● **INSTRUCTIONS FOR THE TASK**
Each entry below must be repeated exactly, with pictures left out.

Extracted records
=== Section Start ===

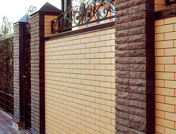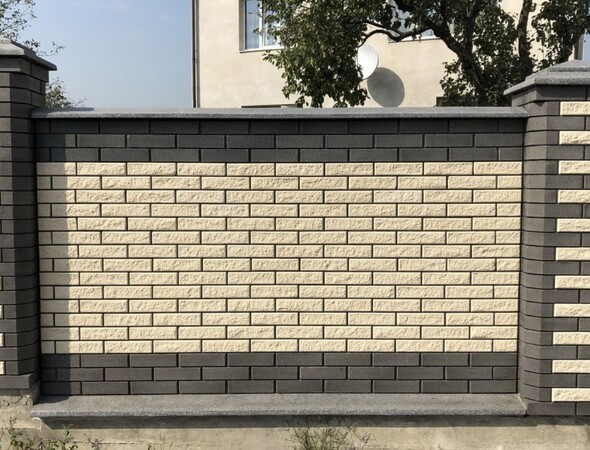 Облицовочный кирпич. Он дороже в 2-3 раза, при строительстве заборов один из самых востребованных. Имеет довольно привлекательный внешний вид.
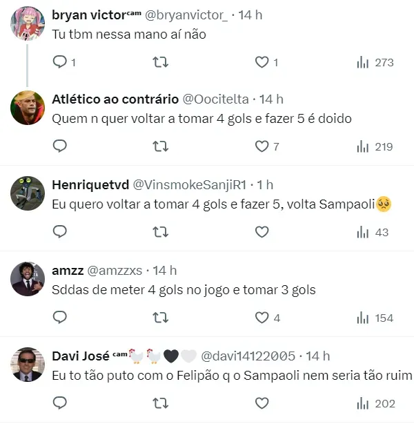 Nas redes sociais, parte da torcida do Atlético-MG é a favor da volta de Sampaoli ao clube de Belo Horizonte. O Atlético não vive grande momento neste começo de temporada sob o comando de Felipão.
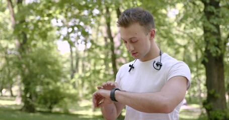 Athletic Man Using Smartwatch For Outdoor Workout Videos
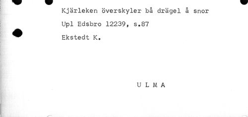 //// ' Kjärleken överskyler bå drägel å snor //// Upl Edsbro 12239, s.87 //// ^ Ekstedt K. //// : //// U L M A ////
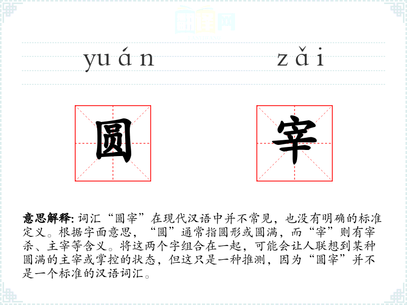 由于“圆宰”不是一个标准词汇,我们无法给出一个确切的基本定义。它可能是一个特定领域或方言中的词汇,或者是某个特定文本中的创造性用法。
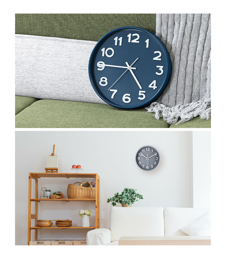 淡いペールカラーが可愛いスイープ式掛け時計。
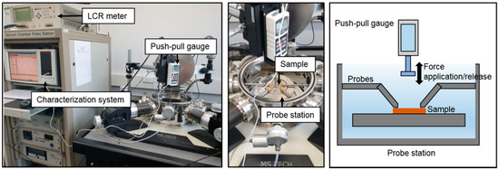 Electrical characteristics of the air-gap touch sensor samples were investigated using a push-pull gauge (Series 5, Mark-10, NY, USA), LCR meter (4284A, Hewlett-Packard, CA, USA), characterization system (4200-SCS, Keithley, OH, USA), and probe station (M7VC, MS tech, Hwaseong, Korea), as shown in Figure 9.
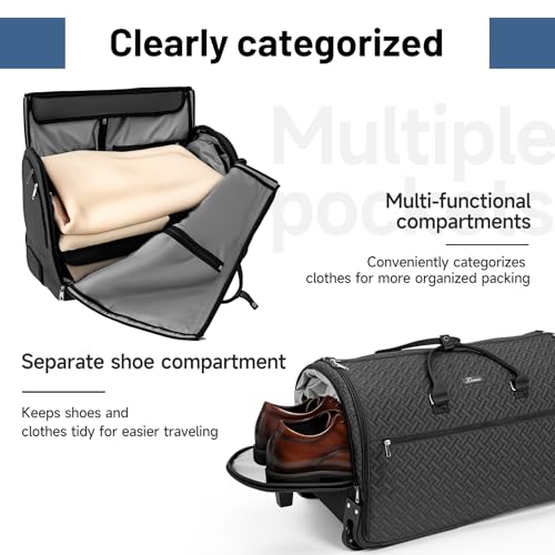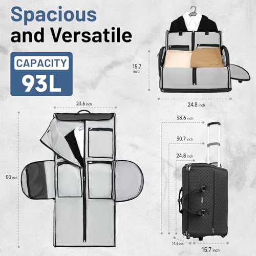 πŸ‘œβœ¨Super Spacious Design–With an impressive 93L capacity, the thoughtfully designed garment compartment offers ample room for suits, dresses, and other wrinkle-free essentials. Stability all the way through transport is ensured, at the same time as the padded clothing area protects your garments. Multiple interior pockets provide easy access to accessories, shoes, and personal items, keeping you organized and ready for any occasion, be it a business meeting or a special event.
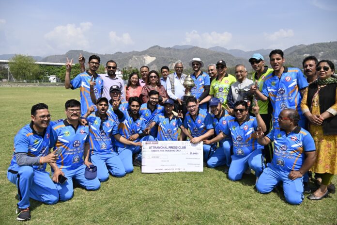 देहरादून, उत्तरांचल प्रेस क्लब द्वारा आयोजित द्वितीय मंजूल सिंह मांजिला स्मृति अंतर क्रिकेट प्रतियोगिता का फाइनल मुकाबला सोमवार को महाराणा प्रताप स्पोर्ट्स कॉलेज, रायपुर में खेला गया। रोमांचक मुकाबले में दून डेयर डेविल्स ने दून सुपर किंग्स को 6 विकेट से हराकर खिताब अपने नाम किया। आज का मैन ऑफ द मैच अरविंद रावत को मिला। टूर्नामेंट की मैन ऑफ द सीरिज सोबन सिंह गुसाईं, बेस्ट बॉलर ऑफ द टूर्नामेंट अजय राणा व बेस्ट बेस्टमेन ऑफ टूर्नामेंट सोबन सिंह गुसाईं को मिला। इसके साथ ही 50 प्लस खिलाड़ियों में बेस्ट बॉलर ऑफ टूर्नामेंट में अजय राणा व बेस्ट बेस्टमेन ऑफ टूर्नामेंट शैलेन्द्र सेमवाल को मिला।
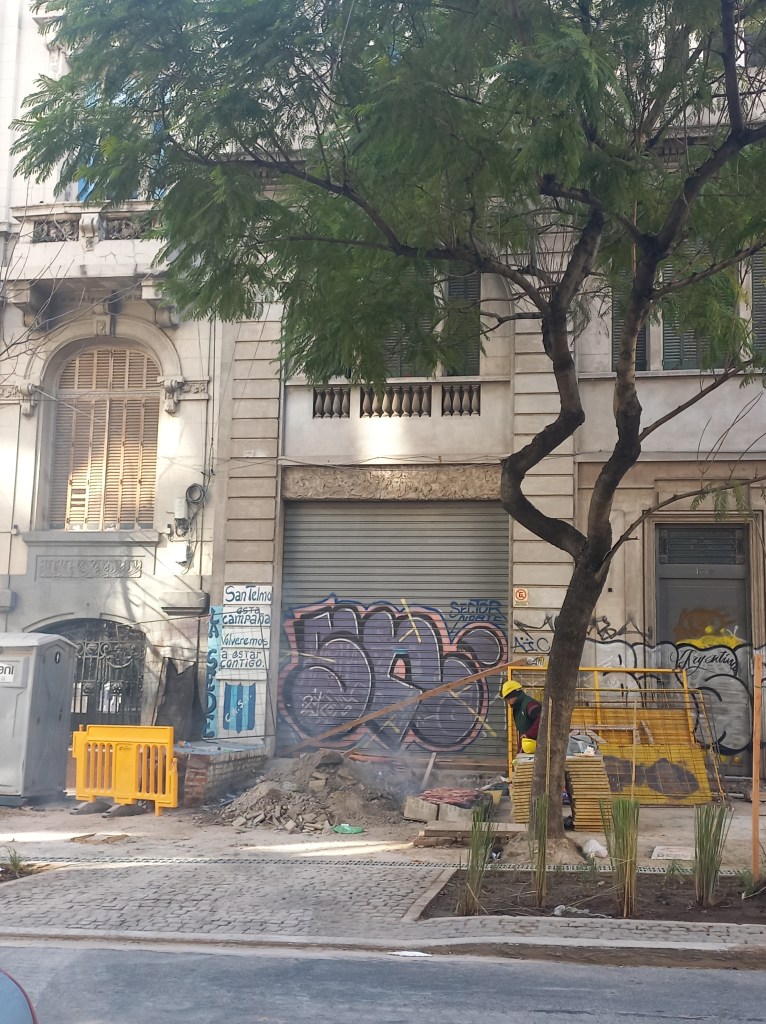 Wieder zurück in Buenos Aires, stellte ich mit großem Vergnügen fest, dass die Bauarbeiter trotz argentinischer Arbeitsweise ziemlich schnell die Straße geglättet, geteert und den Bürgersteig gepflastert hatten. Der nächste Häuserblock ist nun also dran und so kann die Phase der lokalen Baustellenevolution aus einer größeren Distanz heraus bestaunt werden. Die neu gepflasterten Wege sind jedoch noch nicht ganz für den Publikumsverkehr freigegeben, sondern werden als Lagerplatz für Steine und Schutt genutzt.
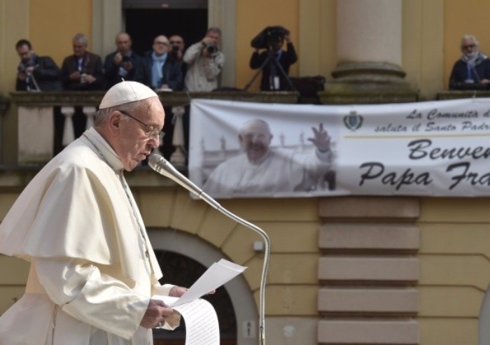 Dopo la prima tappa della visita a Carpi, Papa Francesco si è recato a Mirandola dove è stato accolto da un bagno di folla. Accompagnato dal Vescovo della diocesi di Carpi Francesco Cavina, il Pontefice si è recato all'interno della cattedrale cittadina ancora inagibile, e circondata da impalcature, deponendo una corona di fiori sull'altare principale, in onore ed in memoria delle vittime. Uscito dal Duomo, sul palco allestito nell'area del sagrato che si affaccia, sulla piazza, Papa Francesco ha pronunciato il seguente discorso:

=== Section End ===

● **ANSWER TO THE PROBLEM**
 Облицовочный кирпич. Он дороже в 2-3 раза, при строительстве заборов один из самых востребованных. Имеет довольно привлекательный внешний вид.
 Nas redes sociais, parte da torcida do Atlético-MG é a favor da volta de Sampaoli ao clube de Belo Horizonte. O Atlético não vive grande momento neste começo de temporada sob o comando de Felipão.
 Athletic Man Using Smartwatch For Outdoor Workout Videos
 //// ' Kjärleken överskyler bå drägel å snor //// Upl Edsbro 12239, s.87 //// ^ Ekstedt K. //// : //// U L M A ////
 由于“圆宰”不是一个标准词汇,我们无法给出一个确切的基本定义。它可能是一个特定领域或方言中的词汇,或者是某个特定文本中的创造性用法。
 淡いペールカラーが可愛いスイープ式掛け時計。
 Electrical characteristics of the air-gap touch sensor samples were investigated using a push-pull gauge (Series 5, Mark-10, NY, USA), LCR meter (4284A, Hewlett-Packard, CA, USA), characterization system (4200-SCS, Keithley, OH, USA), and probe station (M7VC, MS tech, Hwaseong, Korea), as shown in Figure 9.
 πŸ‘œβœ¨Super Spacious Design–With an impressive 93L capacity, the thoughtfully designed garment compartment offers ample room for suits, dresses, and other wrinkle-free essentials. Stability all the way through transport is ensured, at the same time as the padded clothing area protects your garments. Multiple interior pockets provide easy access to accessories, shoes, and personal items, keeping you organized and ready for any occasion, be it a business meeting or a special event.
 देहरादून, उत्तरांचल प्रेस क्लब द्वारा आयोजित द्वितीय मंजूल सिंह मांजिला स्मृति अंतर क्रिकेट प्रतियोगिता का फाइनल मुकाबला सोमवार को महाराणा प्रताप स्पोर्ट्स कॉलेज, रायपुर में खेला गया। रोमांचक मुकाबले में दून डेयर डेविल्स ने दून सुपर किंग्स को 6 विकेट से हराकर खिताब अपने नाम किया। आज का मैन ऑफ द मैच अरविंद रावत को मिला। टूर्नामेंट की मैन ऑफ द सीरिज सोबन सिंह गुसाईं, बेस्ट बॉलर ऑफ द टूर्नामेंट अजय राणा व बेस्ट बेस्टमेन ऑफ टूर्नामेंट सोबन सिंह गुसाईं को मिला। इसके साथ ही 50 प्लस खिलाड़ियों में बेस्ट बॉलर ऑफ टूर्नामेंट में अजय राणा व बेस्ट बेस्टमेन ऑफ टूर्नामेंट शैलेन्द्र सेमवाल को मिला।
 Wieder zurück in Buenos Aires, stellte ich mit großem Vergnügen fest, dass die Bauarbeiter trotz argentinischer Arbeitsweise ziemlich schnell die Straße geglättet, geteert und den Bürgersteig gepflastert hatten. Der nächste Häuserblock ist nun also dran und so kann die Phase der lokalen Baustellenevolution aus einer größeren Distanz heraus bestaunt werden. Die neu gepflasterten Wege sind jedoch noch nicht ganz für den Publikumsverkehr freigegeben, sondern werden als Lagerplatz für Steine und Schutt genutzt.
 Dopo la prima tappa della visita a Carpi, Papa Francesco si è recato a Mirandola dove è stato accolto da un bagno di folla. Accompagnato dal Vescovo della diocesi di Carpi Francesco Cavina, il Pontefice si è recato all'interno della cattedrale cittadina ancora inagibile, e circondata da impalcature, deponendo una corona di fiori sull'altare principale, in onore ed in memoria delle vittime. Uscito dal Duomo, sul palco allestito nell'area del sagrato che si affaccia, sulla piazza, Papa Francesco ha pronunciato il seguente discorso:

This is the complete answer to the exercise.